Question

How do you solve $ \dfrac{n+5}{n+8}=1+\dfrac{6}{n+1} $ and check for extraneous solutions?

Answer 1

Hint: We will first understand the concept of extraneous solution. We will then simplify the above equation by transforming the equation by taking LCM on the RHS side and cross multiplying the equation obtained and then we will find all the possible values of ‘n’ and then we will check that the obtained value of ‘n’ satisfies the above equation or not. If it does not satisfy the equation then that value of ‘n’ will be the extraneous solution.

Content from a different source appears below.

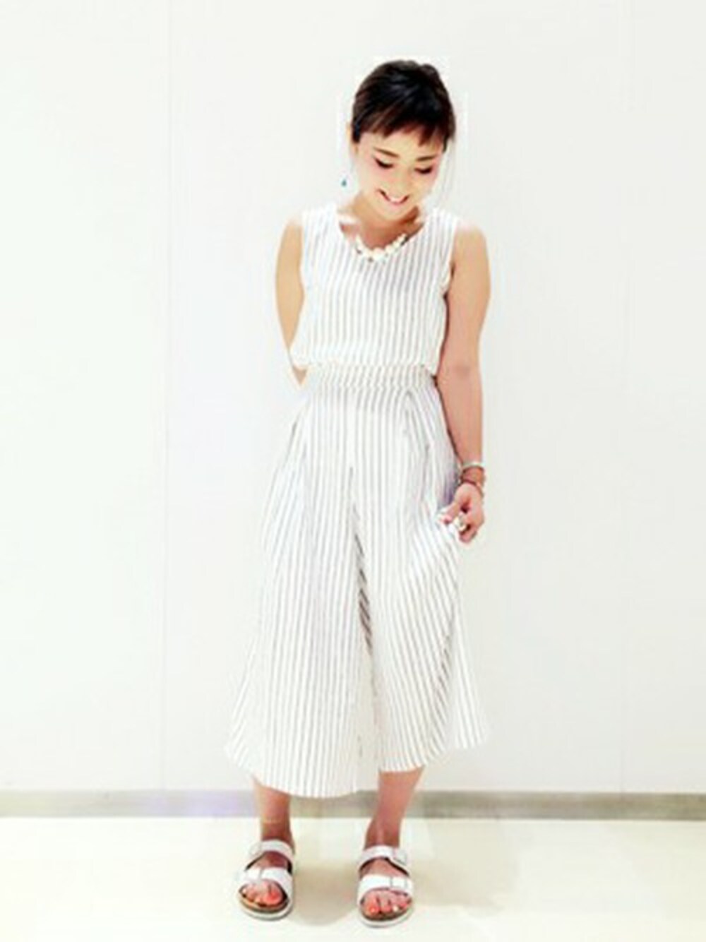 1枚でオシャレに着こなせるオールインワン♡ しかも!今年のトレンドで人気のガウチョタイプなんです(୨୧ ❛ᴗ❛)✧ 白にストライプでこれ1枚で一気に夏のコーディネートに(^-^)/ 肌寒い日にはカーディガンの肩掛けやシャツを羽織っても◎!

Complete step by step answer:
We know that the extraneous solution is the roots or we can say the solution of the transformed equation does not satisfy the original equation because it is excluded from the domain of the original equation.
We have the equation: $ \dfrac{n+5}{n+8}=1+\dfrac{6}{n+1} $ .
Since we know that denominator can not be equal to 0. So, (n+8) and (n+1) can not be equal to zero.
 $ \Rightarrow n+8\not{=}0\text{ and }n+1\not{=}0 $
 $ \Rightarrow n\not{=}-8\text{ and }n\not{=}-1 $
So, -8, and -1 are not in the domain of the above-given equation.
Now, we will take (n+1) as LCM on the RHS, then we will get:
 $ \Rightarrow \dfrac{n+5}{n+8}=\dfrac{\left( n+1 \right)+6}{n+1} $
 $ \Rightarrow \dfrac{n+5}{n+8}=\dfrac{n+7}{n+1} $
Now, after cross multiplying both the side we will get:
 $ \Rightarrow \left( n+5 \right)\left( n+1 \right)=\left( n+7 \right)\left( n+8 \right) $
Now, we will open the bracket and multiply the first term with each of second term inside the bracket:
 $ \Rightarrow n\left( n+1 \right)+5\left( n+1 \right)=n\left( n+8 \right)+7\left( n+8 \right) $
 $ \Rightarrow {{n}^{2}}+n+5n+5={{n}^{2}}+8n+7n+56 $
 $ \Rightarrow {{n}^{2}}+6n+5={{n}^{2}}+15n+56 $
Now, we will take all the terms on the RHS to the LHS then we will get:
 $ \Rightarrow {{n}^{2}}-{{n}^{2}}+6n-15n+5-56=0 $
 $ \Rightarrow -9n-51=0 $
 $ \Rightarrow 9n+51=0 $
 $ \begin{align}
  & \Rightarrow n=-\dfrac{51}{9} \\
 & \therefore n=-\dfrac{17}{3} \\
\end{align} $
Since, $ n=-\dfrac{17}{3} $ is not equal to -1 or -8. So, $ -\dfrac{17}{3} $ is the solution of the above equation.
Hence, $ -\dfrac{17}{3} $ is not the extraneous solution of the above equation.

Note:
 Students are required to note that when we are given an equation that can not be solved without transformation such as doing square roots, cross multiplying, etc. then there are chances of getting extraneous solutions so we need to verify all the roots obtained from the transformed equation by putting them into the original equation.